Task
All the lines below should appear again unchanged, though their pictures should not.
*** Opening Task material ***
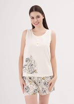 Халат женский из трикотажного полотна «кулирка» с набивным рисунком, на запахе, с втачными длинными рукавами, съемным поясам, продетым в две шлевки, вставленные в боковые швы на уровне линии талии. На правой полочке на уровне бедер – накладной карман прямоугольной формы. Борта и горловина обработаны притачной планкой. Верхний срез кармана и нижние срезы рукавов отделаны кружевом.
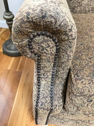 Tailored Details: Accented with antiqued brass-tone nailhead trim along the arm faces and lower base.
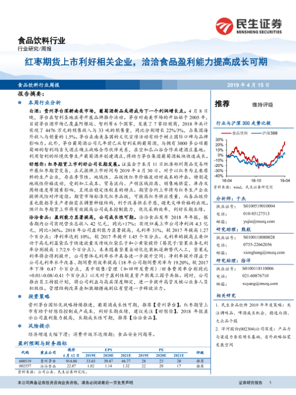 【民生证券】【20190415】20190415-民生证券-食品饮料行业周报:红枣期货上市利好相关企业,洽洽食品盈利能力提高成长可期-26页 行业研究
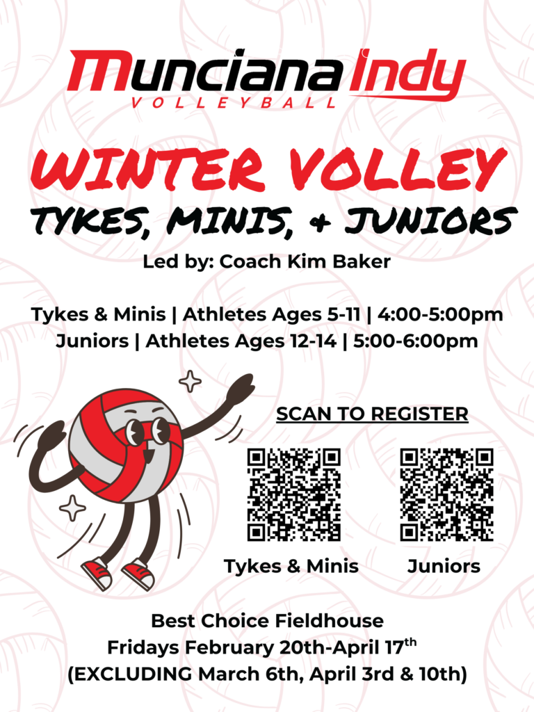 | Winter Volley Tykes & Minis | Boys & Girls Ages 5-11 | February 20th-April 17th (Fridays) *Excluding 3/6,4/3, & 4/10* | 4:00-5:00pm | Register Here! |
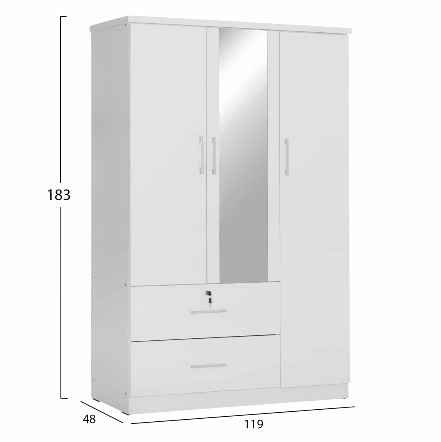 Η τρίφυλλη ντουλάπα JARRY είναι μια πρακτικότατη ντουλάπα που έχει φτιαχτεί με γνώμονα την όσο το δυνατόν καλύτερη εκμετάλλευση του χώρου. Έχει 3 πόρτες, αλλά με απροσδόκητα άνετους χώρους στο εσωτερικό της. Η πλευρά με την διπλή πόρτα διαθέτει καθρέπτη στην μία πόρτα και μια μεταλλική μπάρα για κρέμαση ρούχων στο εσωτερικό, ενώ στο κάτω μέρος υπάρχουν 2 συρτάρια, ένα εκ των οποίων διαθέτει κλειδαριά. Η πλευρά με την μονή πόρτα διαθέτει 4 ράφια (5 αποθηκευτικοί χώροι). Είναι κατασκευασμένη από μελαμίνη σε ΛΕΥΚΟ χρώμα και αισθητικά μπορεί να ταιριάξει με πολλά άλλα στυλ, χάρη και στις «καθαρές» γραμμές της.
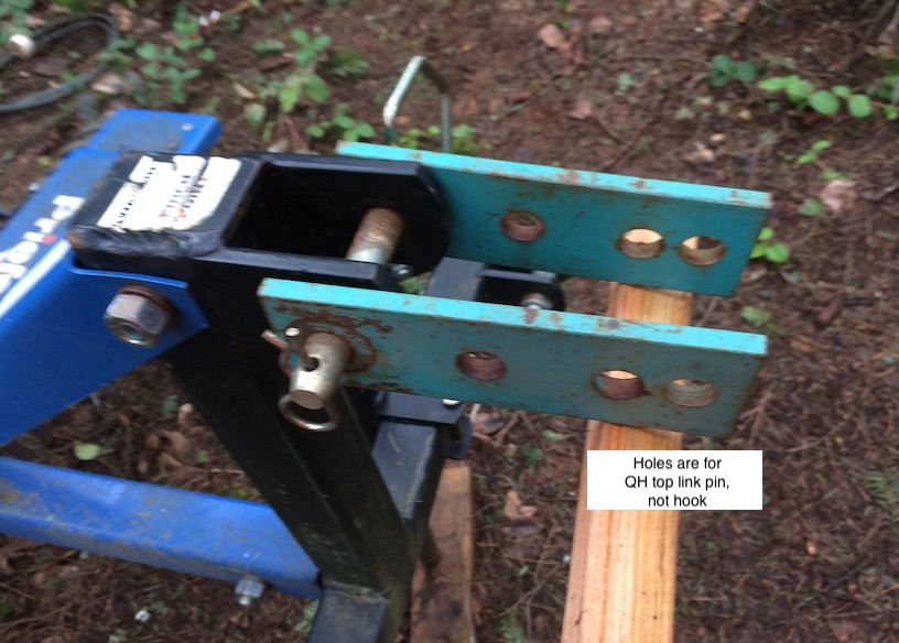 I bought that optional fork adapter to hitch my rotary mower, but I found a method simpler than using that: Since the mower has a rear wheel(s) you want it to track the ground contour rather than stay rigid relative to the tractor. The only time you need a top connector for the mower is when you want to lift the mower off the ground. I found throwing a loose loop of chain around the mower's top and the qhitch top is simpler to set up than using that fork. I also pull the hook pins (see photo above) and fold the hook up out of the way.
*** Closing Task material ***
Output for this exercise
 Халат женский из трикотажного полотна «кулирка» с набивным рисунком, на запахе, с втачными длинными рукавами, съемным поясам, продетым в две шлевки, вставленные в боковые швы на уровне линии талии. На правой полочке на уровне бедер – накладной карман прямоугольной формы. Борта и горловина обработаны притачной планкой. Верхний срез кармана и нижние срезы рукавов отделаны кружевом.
 Tailored Details: Accented with antiqued brass-tone nailhead trim along the arm faces and lower base.
 【民生证券】【20190415】20190415-民生证券-食品饮料行业周报:红枣期货上市利好相关企业,洽洽食品盈利能力提高成长可期-26页 行业研究
 | Winter Volley Tykes & Minis | Boys & Girls Ages 5-11 | February 20th-April 17th (Fridays) *Excluding 3/6,4/3, & 4/10* | 4:00-5:00pm | Register Here! |
 Η τρίφυλλη ντουλάπα JARRY είναι μια πρακτικότατη ντουλάπα που έχει φτιαχτεί με γνώμονα την όσο το δυνατόν καλύτερη εκμετάλλευση του χώρου. Έχει 3 πόρτες, αλλά με απροσδόκητα άνετους χώρους στο εσωτερικό της. Η πλευρά με την διπλή πόρτα διαθέτει καθρέπτη στην μία πόρτα και μια μεταλλική μπάρα για κρέμαση ρούχων στο εσωτερικό, ενώ στο κάτω μέρος υπάρχουν 2 συρτάρια, ένα εκ των οποίων διαθέτει κλειδαριά. Η πλευρά με την μονή πόρτα διαθέτει 4 ράφια (5 αποθηκευτικοί χώροι). Είναι κατασκευασμένη από μελαμίνη σε ΛΕΥΚΟ χρώμα και αισθητικά μπορεί να ταιριάξει με πολλά άλλα στυλ, χάρη και στις «καθαρές» γραμμές της.
 I bought that optional fork adapter to hitch my rotary mower, but I found a method simpler than using that: Since the mower has a rear wheel(s) you want it to track the ground contour rather than stay rigid relative to the tractor. The only time you need a top connector for the mower is when you want to lift the mower off the ground. I found throwing a loose loop of chain around the mower's top and the qhitch top is simpler to set up than using that fork. I also pull the hook pins (see photo above) and fold the hook up out of the way.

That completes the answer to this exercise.